Auch für angestellte ÄrztInnen sei zu bedenken, dass sie ca. 25% weniger abrechenbare Leistungen erbracht hätten: Es fehle offenbar an der Motivation zur Selbstausbeutung. Zudem müssten viele der fallbezogenen administrativen Arbeiten im MVZ von der Verwaltung geleistet werden. Dies und das Teaming (Sitzungen, Absprachen, Dienstpläne, AU-Vertretungen etc.) führe dazu, dass die betriebswirtschaftliche Effizienz bei gleichem Leistungsprofil sogar eher niedriger sei als in der Einzelpraxis. Aus einem speziellen MVZ-Konzept müsse der Mehrwert kommen. In einem kommerziellen MVZ ist das die sog. „Verwertungskette“.).

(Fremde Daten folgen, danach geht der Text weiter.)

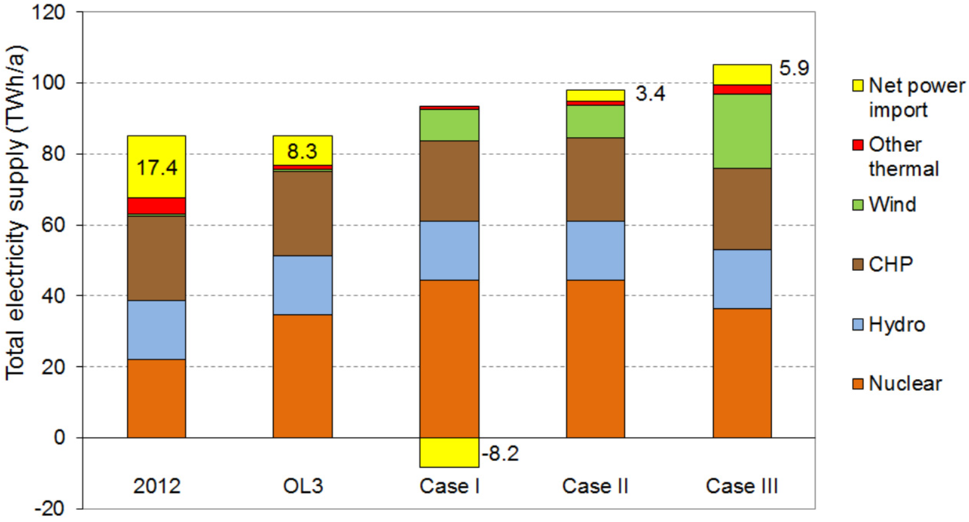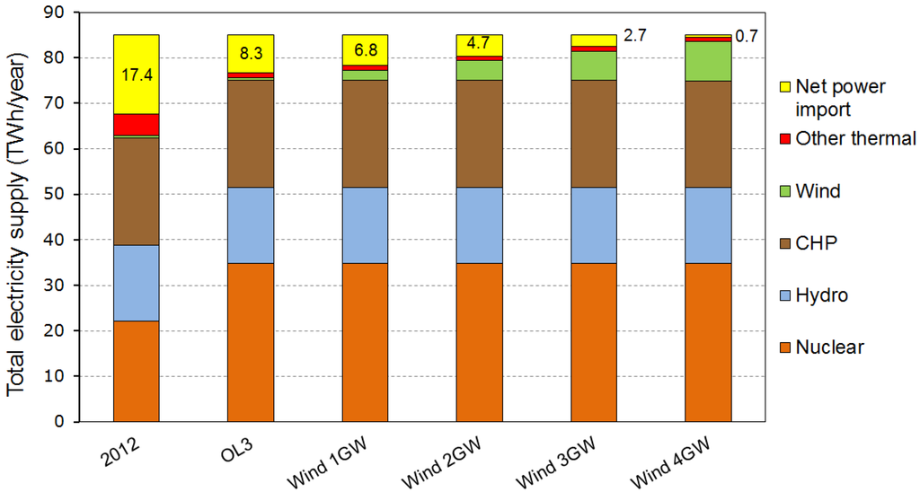 Evolution of power supply mix in Finland from 2012 to the commissioning of Olkiluoto 3 (OL3), and further in wind integrations up to 4000 MW (power demand 85 TWh/a)—The amount of net power imports are labeled on each bar.
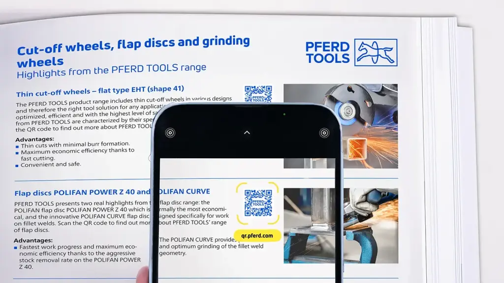Het PFERD TOOLS gereedschappenhandboek biedt naast beknopte productinformatie ook diepgaande multimediale informatie over elk afzonderlijk artikel in ons PFERD TOOLS assortiment. Deze informatie is beschikbaar in de digitale pdf-versie met één klik op het artikelnummer.

Generell gebe es zwei erfolgreiche MVZ-Typen: das breite generalistische und das hochspezialisierte MVZ.
Ein weiteres Problem sei, dass Anstellung nicht zeitgleich Zulassung bedeute. Bei fristloser Kündigung muss das Unternehmen Ausfall hinnehmen, bis der Zulassungsausschuss das nächste Mal tagt, und dann noch mal vier Wochen, bis alle Unterschriften geleistet sind, schließlich weitere vier Wochen bis alles rechtskräftig ist. Die neue Ärztin oder der neue Arzt habe aber schon per Arbeitsvertrag gebunden werden müssen; ohne dies brauche man gar nicht beim Zulassungsausschuss anzuklopfen.
Zu den Auswirkungen der Haftungsproblematik auf die ökonomische Lage der Unternehmung brauche man sich nur die Geschichte des MVZ Atrio-Med Berlin in der Presse anzuschauen.
Die TeilnehmerInnen fühlten sich von diesen Berichten aus der Alltagspraxis in ihrem Enthusiasmus wohl etwas ausgebremst; sie brachten dann ihre positiven Erfahrungen von Besuchen eines Berliner „Praxiskollektivs“ und des Grazer Sozialmedizinischen Zentrums ein.
Die ReferentInnen betonten, dass sie den TeilnehmerInnen beileibe nicht den Idealismus und die Motivation rauben wollten, und schlossen einige Ausführungen zur Integrierten Versorgung (§ 140), zur Hausärztlichen Versorgung (§ 72) und v.a. zu den Modellvorhaben (z.B. Delegations-Projekte) an. Das Berliner MVZ habe z.B. zusätzlich einen Selektivvertrag im Rahmen der Integrierten Versorgung bedient. In Bezug auf Präventionsideen solle man auch an Projektmittel denken; denn wann es endlich ein neues Präventionsgesetz geben werde, sei nach wie vor unklar.
Insgesamt glaubten die ReferentInnen, dass es auf dem unterversorgten Land viel leichter sein dürfte, freie Hand für neue Versorgungsideen zu bekommen; teils würden die Kommunen dort ja sogar eigenes Geld für Hausarzt-Ansiedelungen in die Hand nehmen.
Ausblick: Die TeilnehmerInnen aus Hamburger werden sich auf einem -Workshop weiter fortbilden; sie planen, mit ihrem Projekt etwa ab 2017 in Arbeit zu sein. Die Leipziger erkannten, dass sie erst mal die anderen Berufsgruppen (fortschrittliche PsychotherapeutInnen, ErgotherapeutInnen, HelferInnen) mit in ihr Projektplanungs-Boot holen wollen.
Der Idealismus dieser jungen ärztlichen KollegInnen war schon beeindruckend, hoffentlich finden sie ihnen darin ähnliche PsychotherapeutInnen.